_Exercise brief:_
All entries below must be output word for word, and the pictures left behind.

Stored entries
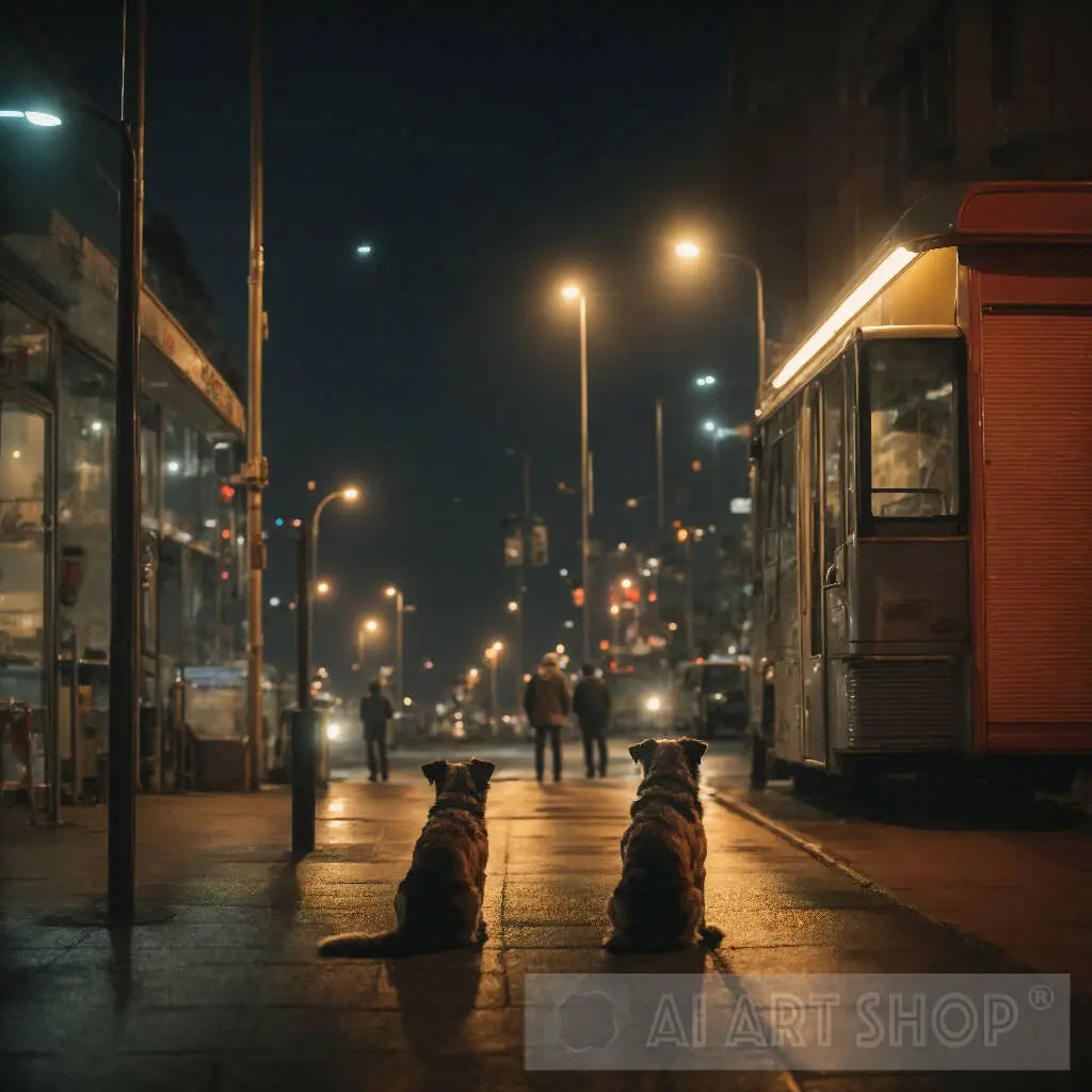 Late one night an old man observed a dog from far while the dog waiting at a bus stop, overhead view, only light from the fridge, comic book illustration style, simple, cute, full colors
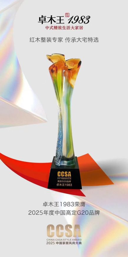 “高定G20品牌獎(jiǎng)”評(píng)選標(biāo)準(zhǔn)極為嚴(yán)苛,聚焦產(chǎn)品品質(zhì)、設(shè)計(jì)創(chuàng)新、服務(wù)體驗(yàn)等核心維度。紅木整裝創(chuàng)ling品牌卓木王憑借其在中式高定領(lǐng)域的卓越表現(xiàn)與強(qiáng)大品牌影響力,從眾多競(jìng)爭(zhēng)者中脫穎而出,成功實(shí)現(xiàn)獎(jiǎng)項(xiàng)蟬聯(lián),彰顯了品牌在高端定制賽道無(wú)可爭(zhēng)議的持續(xù)引領(lǐng)力。
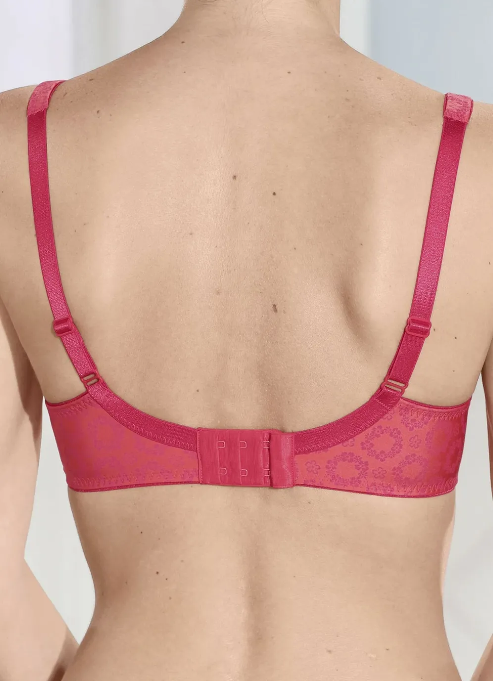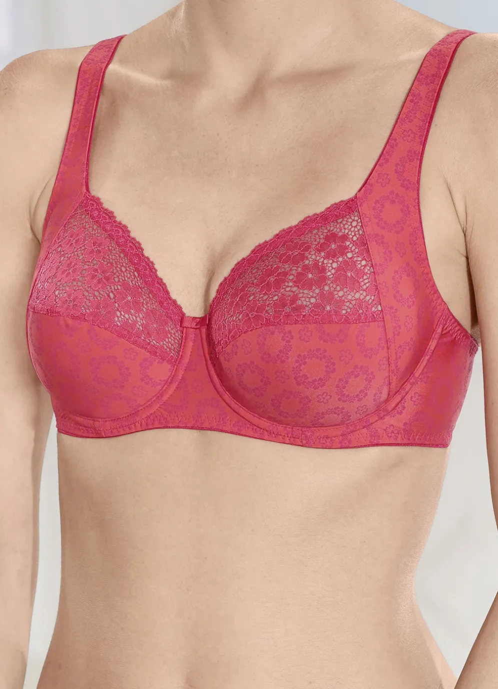 Zauberhafter, mohnroter „Format“-Bügel-BH mit farbharmonischem Blümchendessin, elastischer Spitze in den Obercups, unterlegten Untercups, verstärktem Rückteil sowie verstellbaren Stretchträgern.
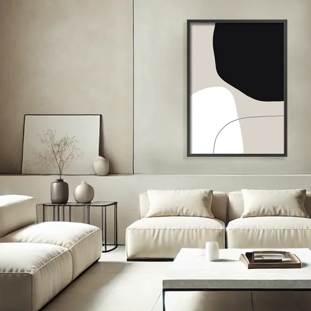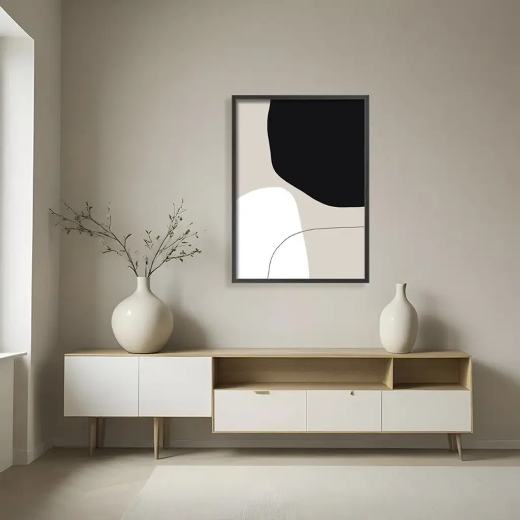 Infuse any space with the essence of this trendy framed print wall art titled "Pairing" by Uplusmestudio. The piece features elegant abstract black-and-white shapes over a white background that will complement any modern space. Handcrafted in Chattanooga, Tennessee by Ready2HangArt using a locally sourced artist print, finished with a rear hanger for simple installation.
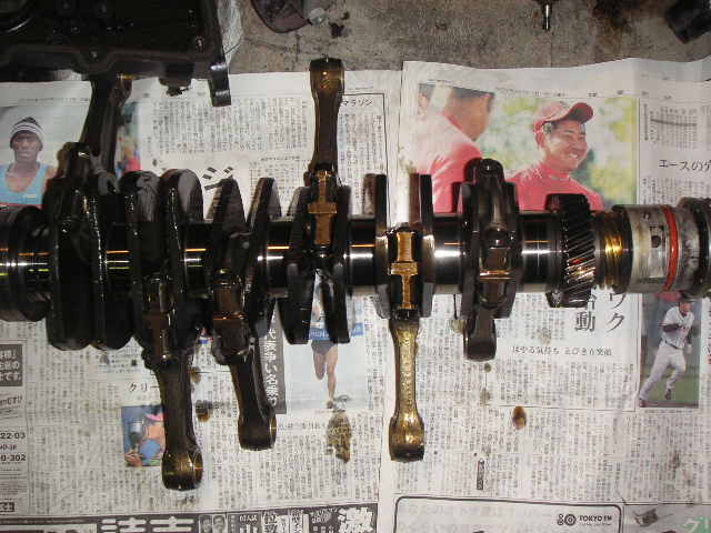 シリンダー、カム、ピストンなどはキズもないので綺麗にして使用します。時間と予算があればバランス取りやWPC加工などやっておきたいところです。

_Exercise answer:_
 Late one night an old man observed a dog from far while the dog waiting at a bus stop, overhead view, only light from the fridge, comic book illustration style, simple, cute, full colors
 “高定G20品牌獎(jiǎng)”評(píng)選標(biāo)準(zhǔn)極為嚴(yán)苛,聚焦產(chǎn)品品質(zhì)、設(shè)計(jì)創(chuàng)新、服務(wù)體驗(yàn)等核心維度。紅木整裝創(chuàng)ling品牌卓木王憑借其在中式高定領(lǐng)域的卓越表現(xiàn)與強(qiáng)大品牌影響力,從眾多競(jìng)爭(zhēng)者中脫穎而出,成功實(shí)現(xiàn)獎(jiǎng)項(xiàng)蟬聯(lián),彰顯了品牌在高端定制賽道無(wú)可爭(zhēng)議的持續(xù)引領(lǐng)力。
 Zauberhafter, mohnroter „Format“-Bügel-BH mit farbharmonischem Blümchendessin, elastischer Spitze in den Obercups, unterlegten Untercups, verstärktem Rückteil sowie verstellbaren Stretchträgern.
 Infuse any space with the essence of this trendy framed print wall art titled "Pairing" by Uplusmestudio. The piece features elegant abstract black-and-white shapes over a white background that will complement any modern space. Handcrafted in Chattanooga, Tennessee by Ready2HangArt using a locally sourced artist print, finished with a rear hanger for simple installation.
 シリンダー、カム、ピストンなどはキズもないので綺麗にして使用します。時間と予算があればバランス取りやWPC加工などやっておきたいところです。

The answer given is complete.